Breaking Up With Stone Fox Brides
It started out as a little peek-a-boo in my newsfeed. Every now and then, someone I’m following would like a picture that’s just slightly over-exposed and bohemian enough for me to click.
In the beginning I was only noticing flower arrangements and Indian dresses and the occasional vintage picture of a retro-bombshell or rock and roll couple naked, drooling cigarettes. The snippets of their feed that I would see, was a confusing mix of grunge-badass and ethereal goddess resting under the slogan and domain name “fuckweddings.com”. I never let myself go through their pictures however, because Stone Fox BRIDE, the latter being the key word, is not where I’m at. (I learned this the hard way when I tried to show my boyfriend my friend’s nuptial-flavored Pinterest pages and watched him gag on his heat beat).
For months I stayed away as much as possible. But it seemed that every few days another one of my friends would follow them. Friends that were single, friends that were in new relationships, friends that swore they’d never get married. And so, one day late this summer, I decided it was innocuous. The Stone Fox Bride Instagram is simply a lifestyle inspiration source, I told myself. You don’t have to be a bride, or on the road to bride, to like Stone Fox Bride, I hoped. And so I followed them. I made sure to only “heart” innocent posts: Patty Smith in black and white on a balcony in Chelsea, a flower crowned child in a field, a baby fox, an Amaro flavored veggie plate. But I could not ignore the plethora of one-of-a-kind, antique engagement rings that sat blazing between the animals and vegetables. #stonefoxring=#relationshipproblems.
Once I gave into the rings, I searched back through thousands of posts to see all of the rings I had previously deprived myself of. I couldn’t help but “heart” them, I had to remember the ones I liked, for when the time came to have an opinion about those kinds of things.
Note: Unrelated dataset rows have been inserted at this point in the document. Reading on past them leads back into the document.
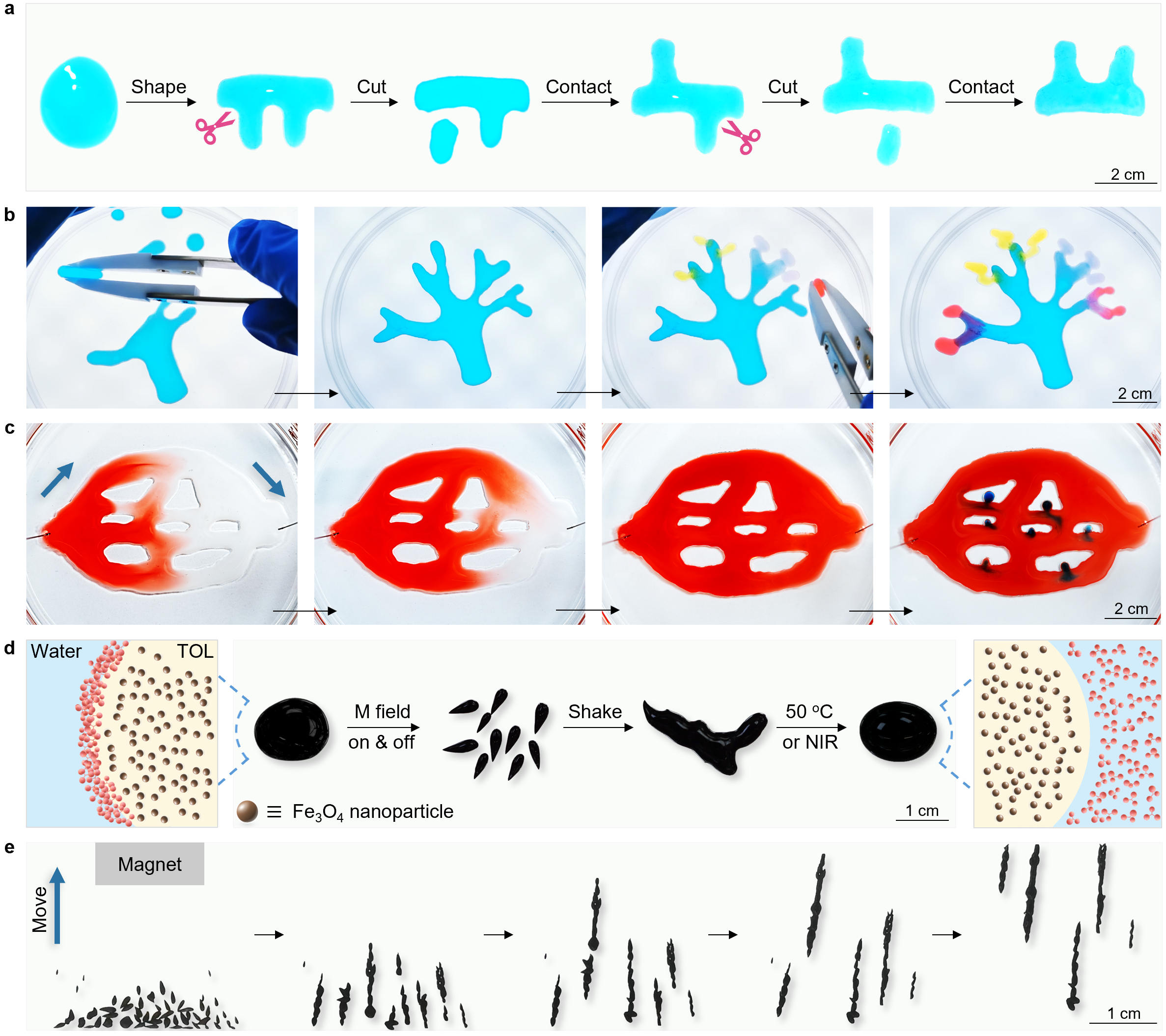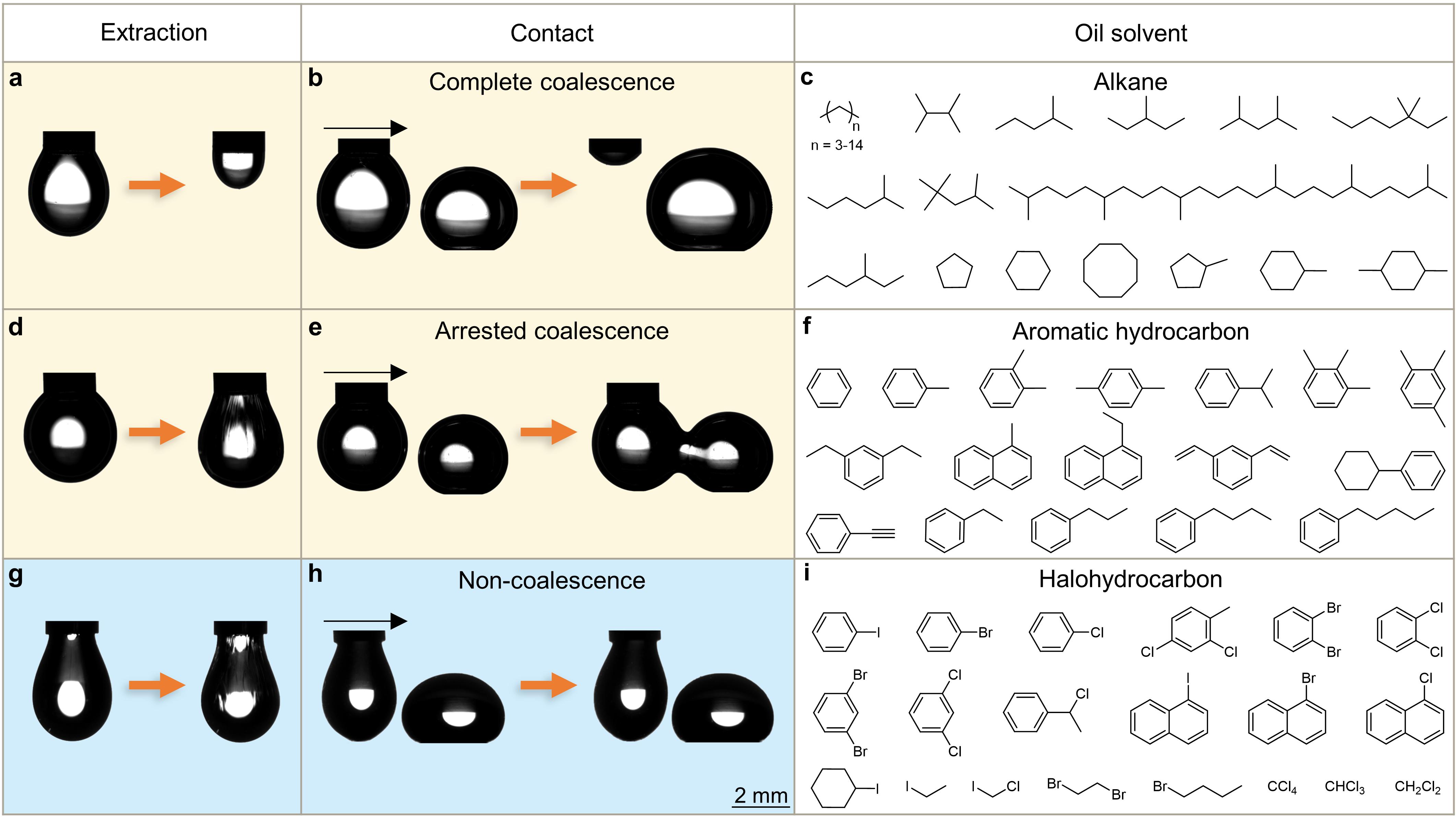 图2. 水/烷烃、水/芳香烃、水/卤代烃三种体系中液滴的塑形和融合行为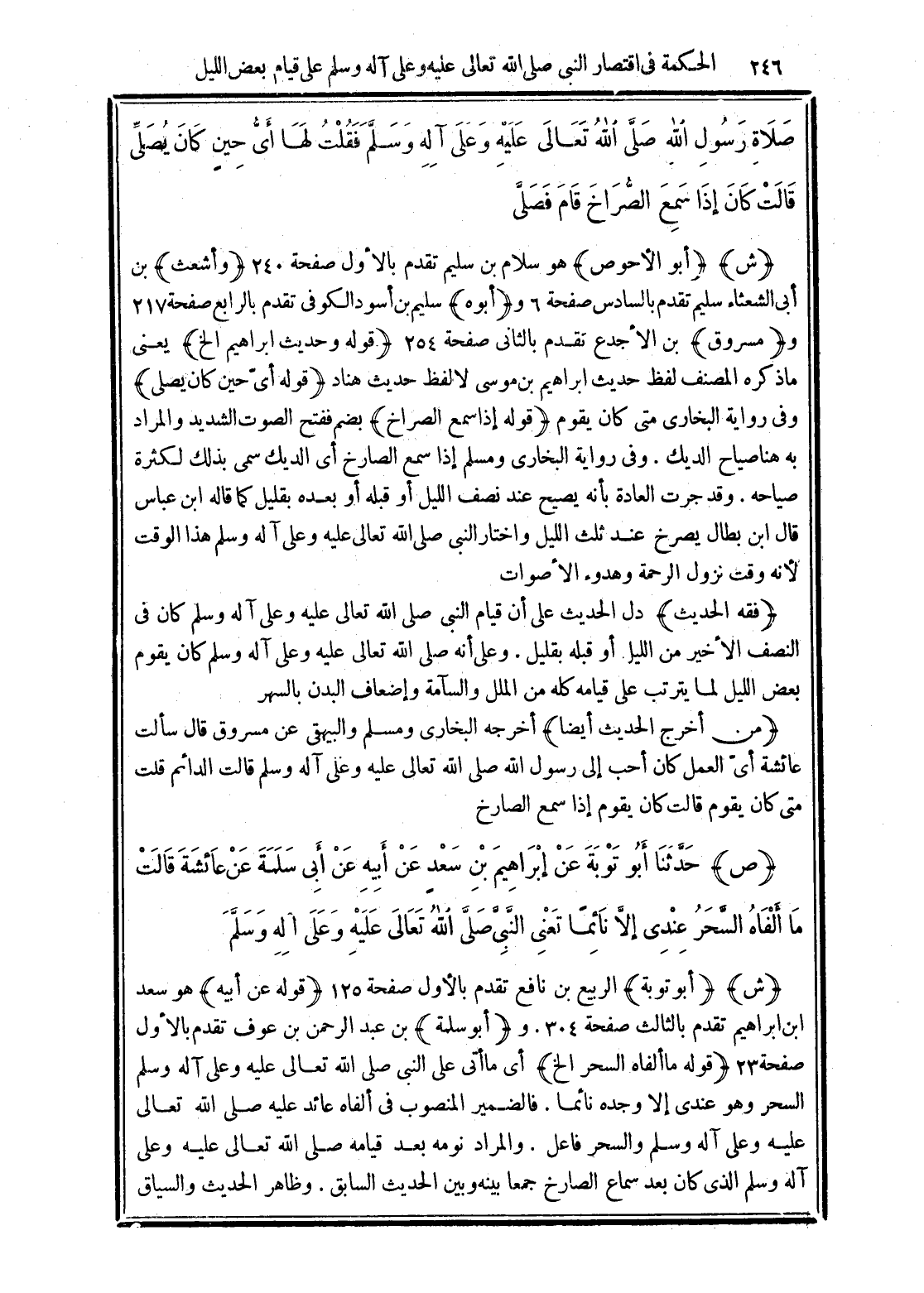 (من أخرج الحديث أيضًا) أخرجه البخاري ومسلم والبيهقي عن مسروق قال سألت عائشة أيّ العمل كان أحب إلى رسول الله صلى الله تعالى عليه وعلى آله وسلم قالت الدائم قلت متى كان يقوم قالت كان يقوم إذا سمع الصارخ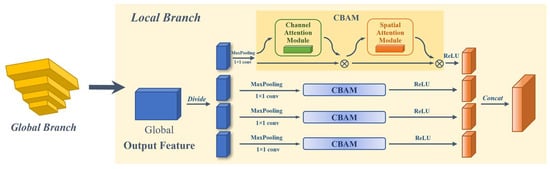We divide the global feature obtained from the inverted pyramid module of the global branch into 4 blocks from left to right, each block being a local feature block ∈ R2048×8×2 (Figure 6). In the local branch, we perform adaptive max pooling and 1 × 1 convolution operations on each local block feature to obtain a reduced local feature representation to 512. Then, we feed each reduced feature block into the CBAM. Channel and spatial attention feature enhancements are applied to the local block feature, dual-domain feature representation is enhanced, and important features such as local stripes after block segmentation are enhanced to obtain {L1, L2, L3, L4} ∈ R512×1×1. Finally, the four feature blocks obtained through attention enhancement were activated using the activation function ReLU, and then concatenated to obtain the final feature output FLocal ∈ R2048×1×1 of the local branch.

Each time my boyfriend noticed another “hearted” ring, he’d pale another shade of terror. All of a sudden we went from blissful, in-love and present to having conversations where I’m talking to the site of his head in his hands explaining which diamond cuts I like and how ready I am to grow old together.
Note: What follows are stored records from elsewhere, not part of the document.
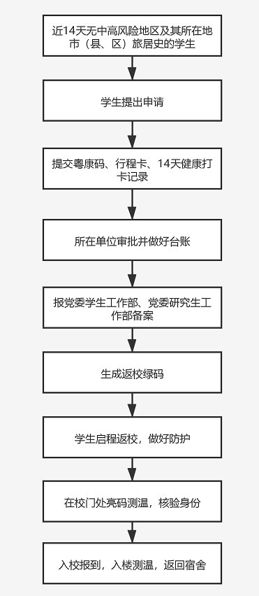 1.经学生个人申请、所在单位逐一严格审核学生返校申请材料(核实一卡一码一表,即行程卡、粤康码和返校健康申报表)、所在单位严格做好登记后进行相应返校审批,并分别报党委学生工作部、党委研究生工作部备案。申请流程完成后学生方可按照学院通知时间返校。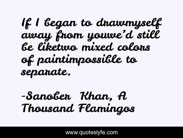 This page presents the quote "If I began to drawmyself away from youwe’d still be liketwo mixed colors of paintimpossible to separate.". Author of this quote is Sanober Khan, A Thousand Flamingos. This quote is about relationships, poets, one-and-only, love, love-poetry, indian-authors, soulmates, poetry, poets-and-poetry,.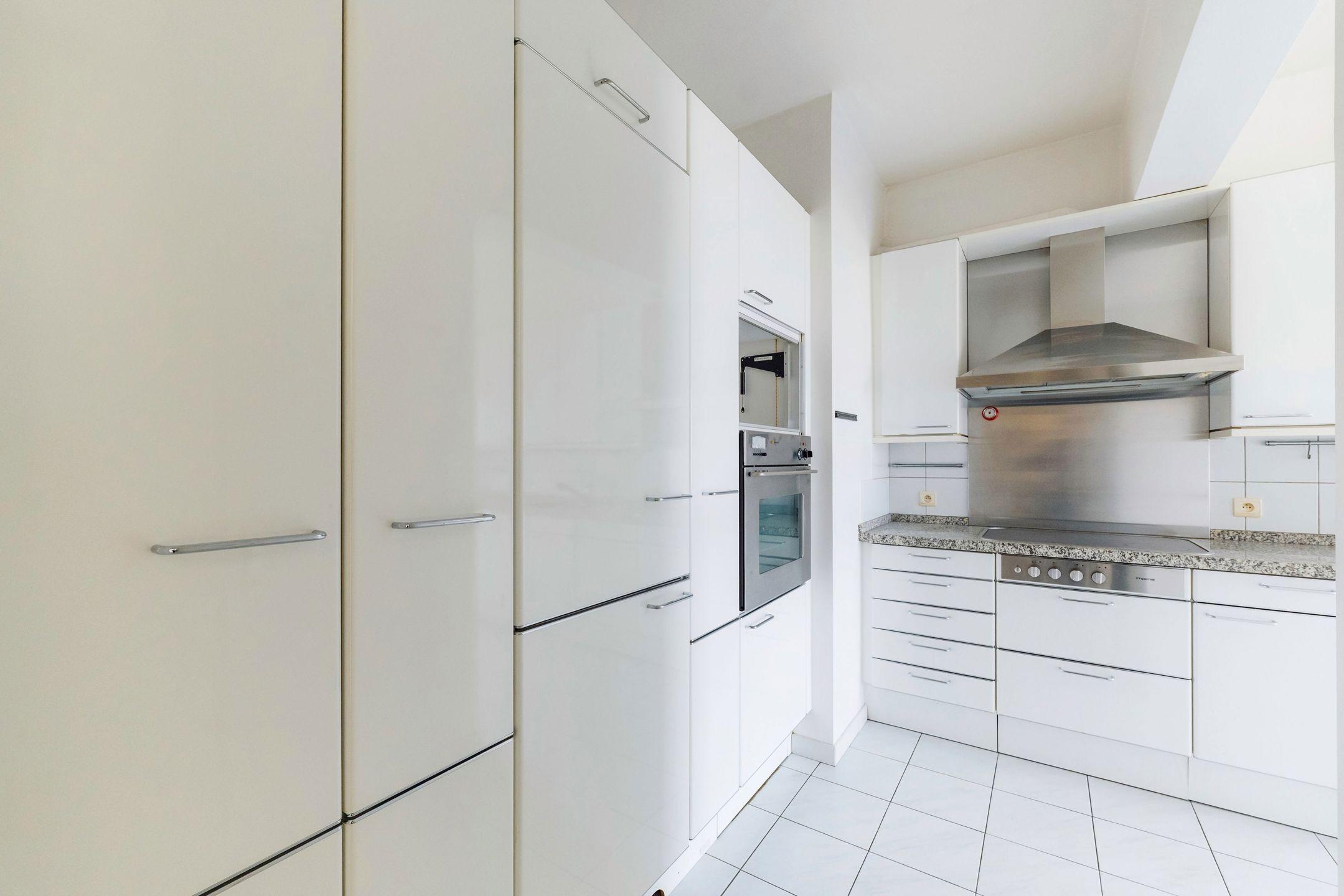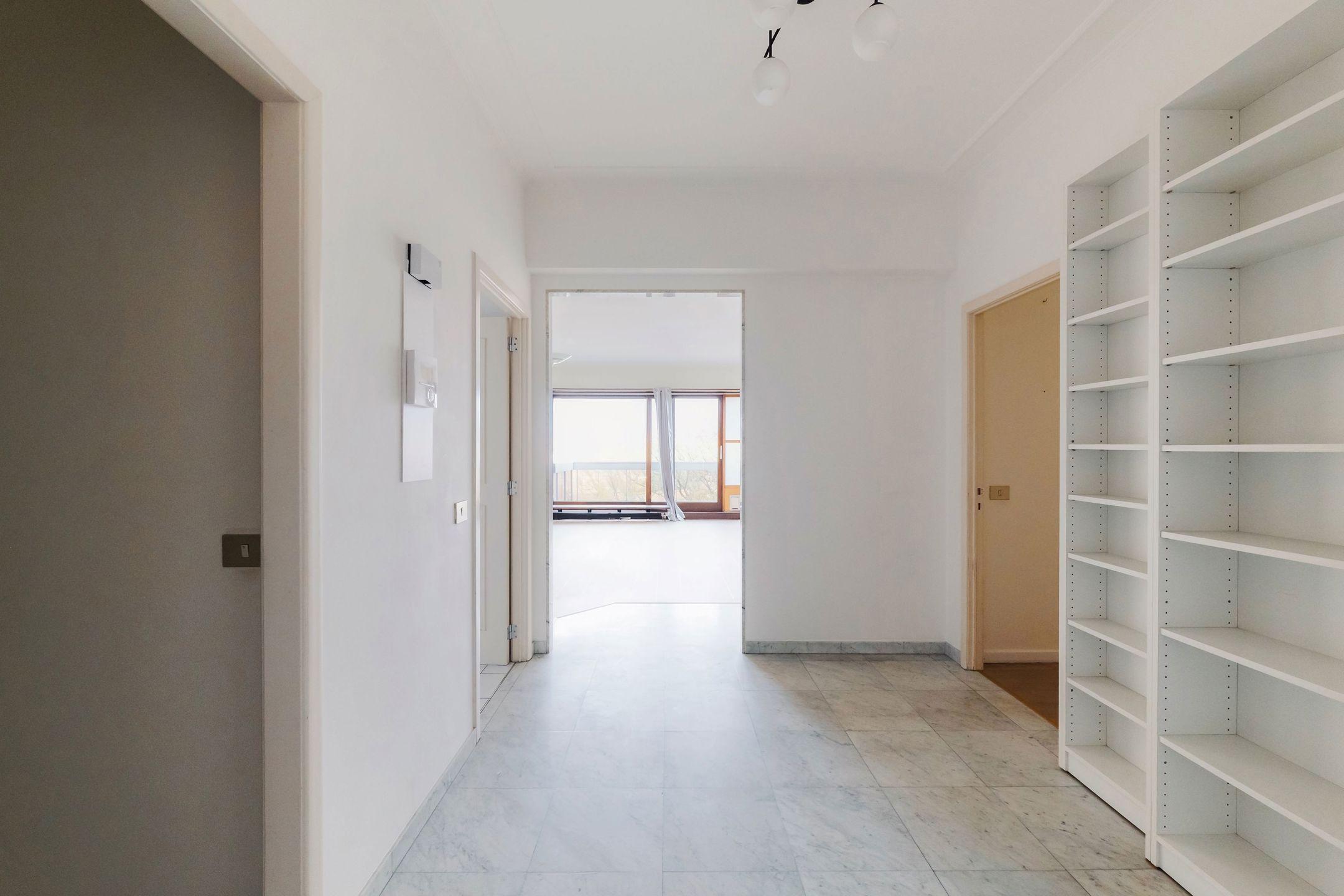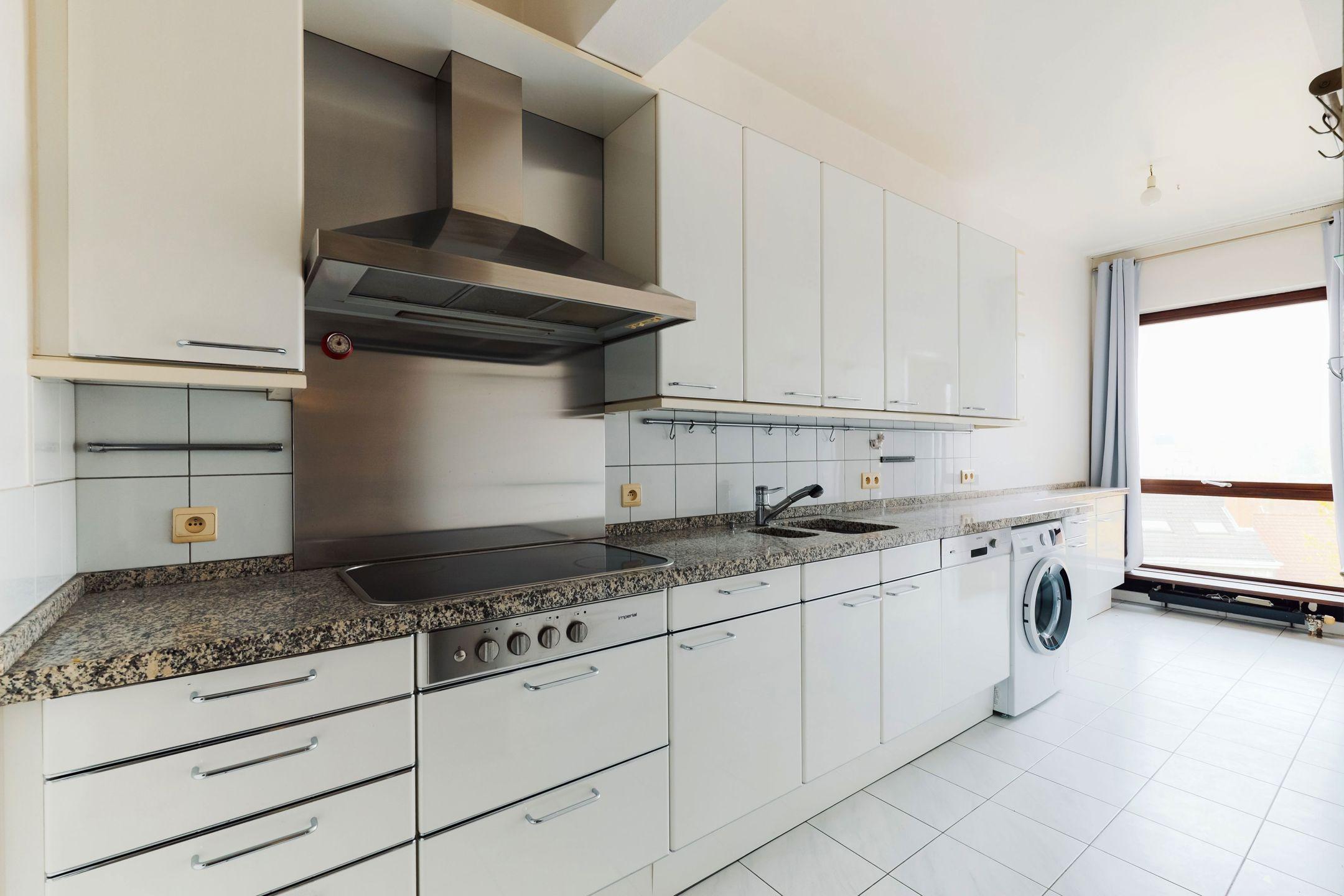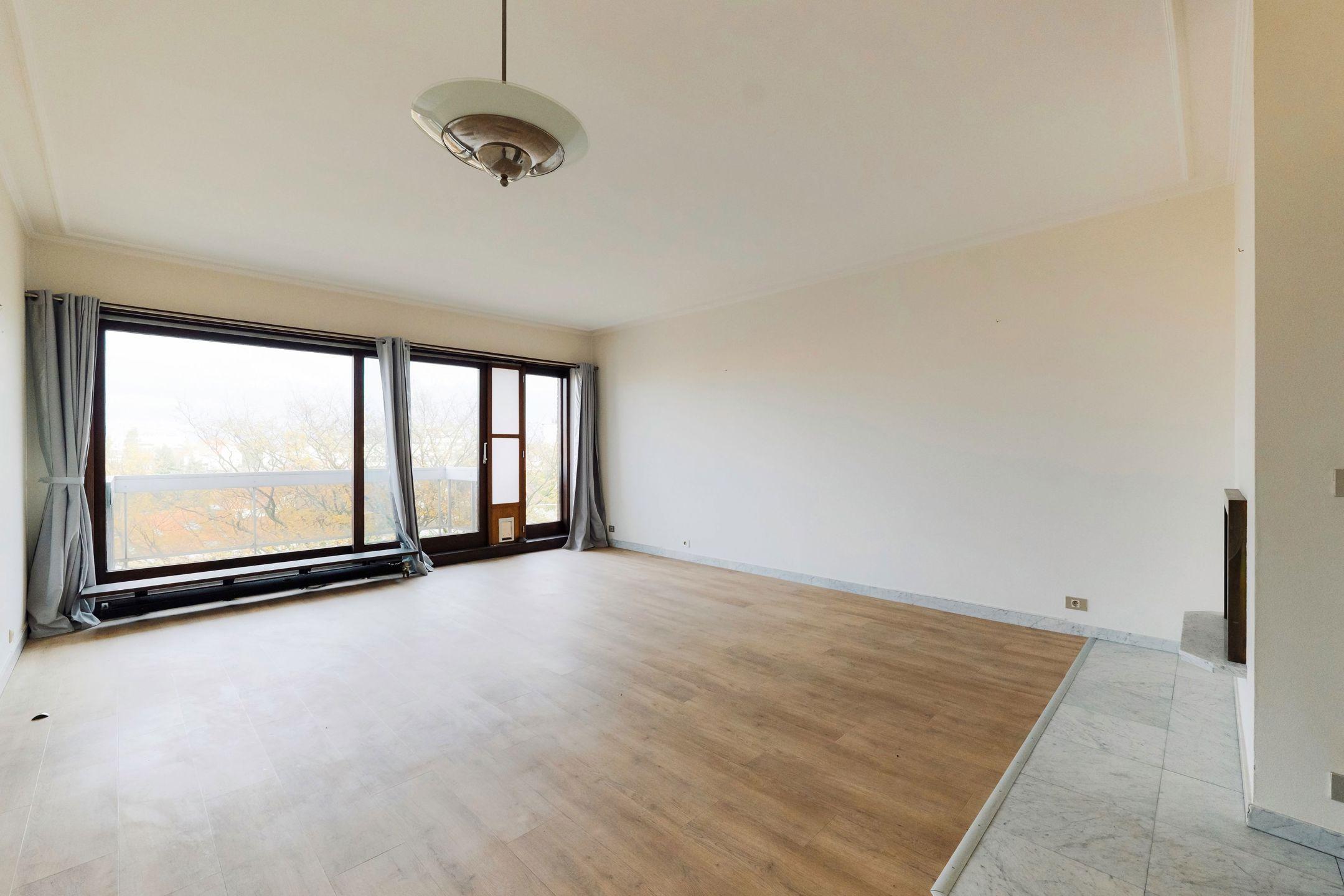 ETTERBEEK, close to the Cinquantenaire Park and Rue des Tongres, located in the Clos du Cinquantenaire, in a HIGH-END condominium, pleasant APARTMENT (2 bedrooms/1 bathroom) of 114m² with a beautiful terrace offering a magnificent unobstructed view of Brussels, cellar, and 2 parking spaces. Located on the 6th floor of 7, it is composed as follows: Entrance hall with guest toilet and cloakroom area, living room with working fireplace and door leading to the terrace, fitted kitchen, night hall with separate toilet, 2 bedrooms and a bathroom with shower and washbasin on cabinet. Double-glazed wooden window frames. Electricity (non-compliant). EXCELLENT EPC = B-, 86KWH/m²/year! New shared boiler with cogeneration system. Roof insulated in 2024. In the basement: Cellar no. 21 and 2 parking spaces included in the price ! An exclusive listing with Latour et Petit! Do not hesitate to watch the video on : https://youtube.com/shorts/u_pybZP4Dy0?feature=share .

“Marriage”, I call it because I see now, wasn’t what I was pining after. I’m twenty-seven, emotionally unstable and earn about four dollars a month writing. I’m not worth marrying, yet.
What “marriage” came to mean to me was entirely aesthetic, superficial, fantasy. I wanted to have an antique stone weighing my hand down. I wanted to have pictures of a sun-soaked garden wedding with flowers in my friends hair and a testimonial on the Stone Fox website explaining how thankful I am for the drapey lace gown they made me and how happy I am that they could facilitate the sanction of my love with these aesthetics. When I came to these realizations I became really furious with SFB. I’d damn them for twenty-six seconds before asking my girlfriends how much they loved the Edwardian solitaire posted that day and how adorable creative director, Molly Guy, and her husband are …only to damn her maliciously enchanting empire a moment later.
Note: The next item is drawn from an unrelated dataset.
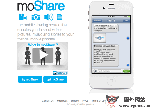 moShare将让在移动设备上分享视频、图片、音乐、文章以及其它富媒体信息更快捷,它允许内容发布商、APP开发者、博客以及广告主向任何移动设备分享内容,而无需考虑商和设备的类型。内容发布商可以非常简单的将Mogreet的分享按钮放置在自己的网页或者博客上,因此可以直接向读者的移动设备分享内容。同时它还具有分析功能,可以让你追踪分享内容的具体情况。

But now I’ve decided Molly is a genius. She has created a company that speaks to everyone. Their whole “fuck weddings” slogan ropes in the non-traditionals and their expensive, gorgeous gowns and SoHo status brings in the women who have been planning their weddings since childhood.
And for the rest of us in-between, we slowly get brainwashed into thinking a wedding is no big deal. It’s just a party with color-important garments and pretty rings. It’s just a faded picture of a kiss in front of an officiator. You don’t even need to wear shoes, they show you. Your guests don’t even need seats, their rug-covered lawn photos explain. But here’s the thing: weddings are really important. (Yes, duh) Not in the celebratory sense, rather, in the official sense. It’s not just a party, it’s a life, it’s your whole life, hopefully. It’s one of the most important choices one can make in their life. Until I’m in a place where I’ve accepted the grandioseness of marriage, I want to be scared of it. I want to be painfully patient. And so I un-followed Stone Fox Bride on Instagram. And I won’t lie, when I see them in my newsfeed sometimes I’ll heart a Bridget Bardot tribute or baby elephant portrait.
But until I’m ready and until you’re ready, I suggest not letting Stone Fox Bride influence the pace of your relationship.